=== Begin Enclosure ===

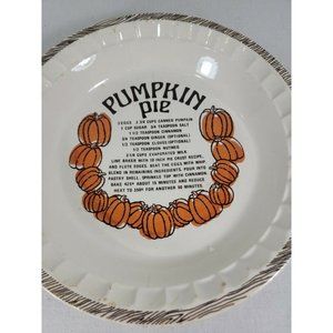 Royal China 10" Pumpkin Pie Plate With Recipe, Made In USA
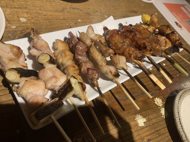 写真にもあるように前から気になっていた串物や、毎回注文するねぎまや皮、初などをすべてたれ塩一本ずつ注文して、豪遊しました。
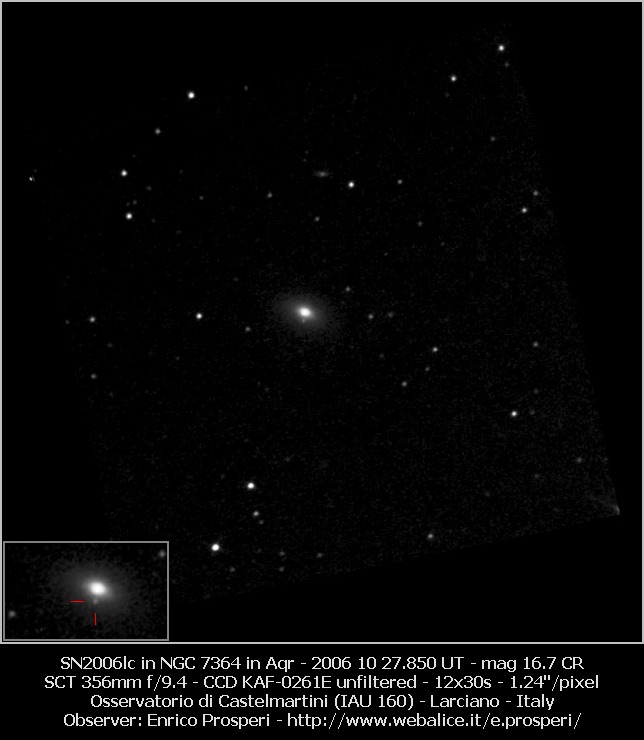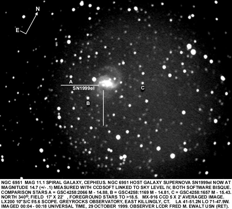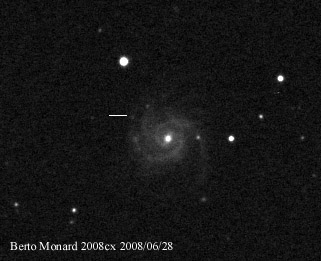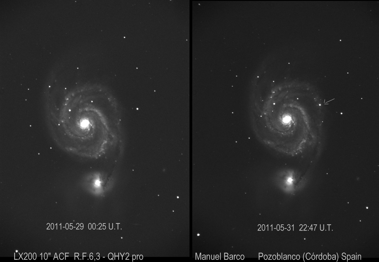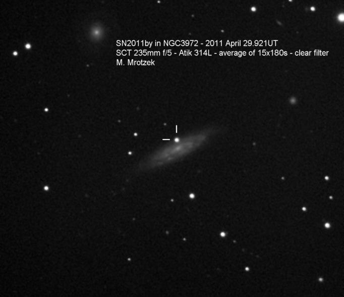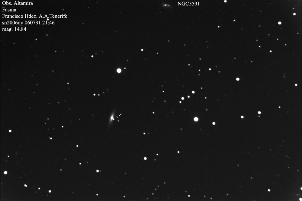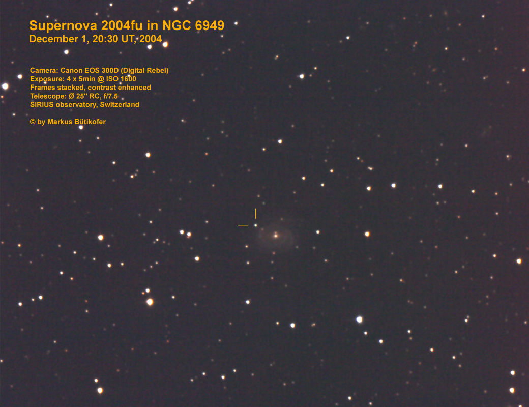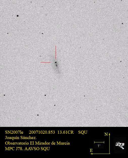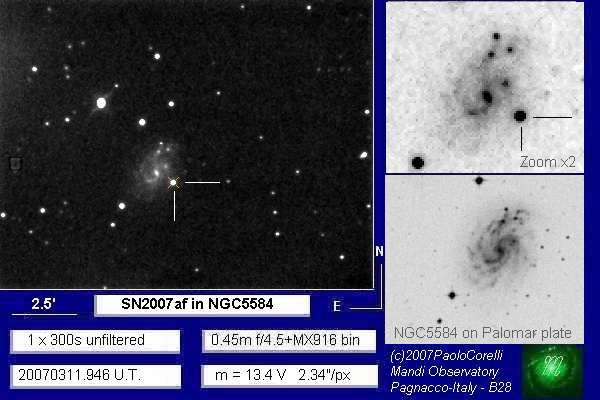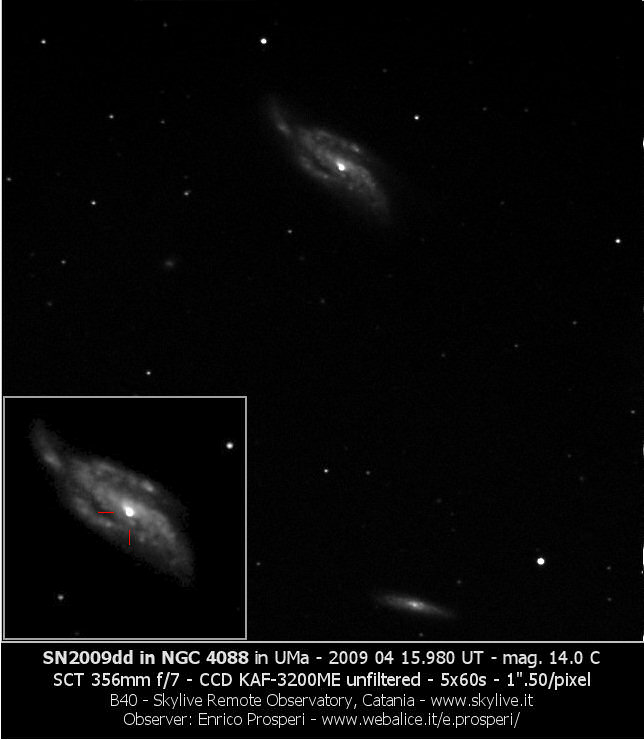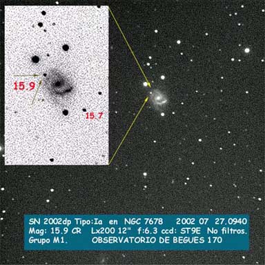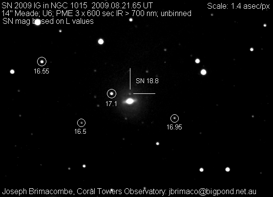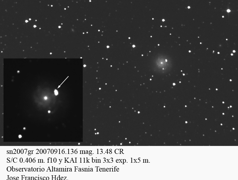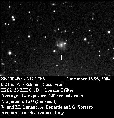 On this web page you will find a list of all the images that have been e-mailed to me for the Bright Supernovae webpages. If an image already exist on a web site, I will usually just create a link to it. However for people who do not have web sites I will accept images which I will then publish on my pages (which I sometimes crop). It should be noted that these images were given to me for use on the web page with the understanding that the copyright remains with the person who originally took them. My thanks to all of the people who donated images. For a list of the best SN images I have found out on the net, please check my Best SN images on the net page.
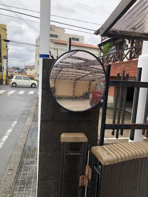 駐車場から車を出し入れするときにえづらいので、出入り口にカーブミラーを取り付けました。 良く見えるようになったとお喜び頂きました。

=== End Enclosure ===

TASK REQUIREMENTS.
An exact transcription of the material is required, without any pictures.

SOLVED PROBLEM.
 Royal China 10" Pumpkin Pie Plate With Recipe, Made In USA
 写真にもあるように前から気になっていた串物や、毎回注文するねぎまや皮、初などをすべてたれ塩一本ずつ注文して、豪遊しました。
 On this web page you will find a list of all the images that have been e-mailed to me for the Bright Supernovae webpages. If an image already exist on a web site, I will usually just create a link to it. However for people who do not have web sites I will accept images which I will then publish on my pages (which I sometimes crop). It should be noted that these images were given to me for use on the web page with the understanding that the copyright remains with the person who originally took them. My thanks to all of the people who donated images. For a list of the best SN images I have found out on the net, please check my Best SN images on the net page.
 駐車場から車を出し入れするときにえづらいので、出入り口にカーブミラーを取り付けました。 良く見えるようになったとお喜び頂きました。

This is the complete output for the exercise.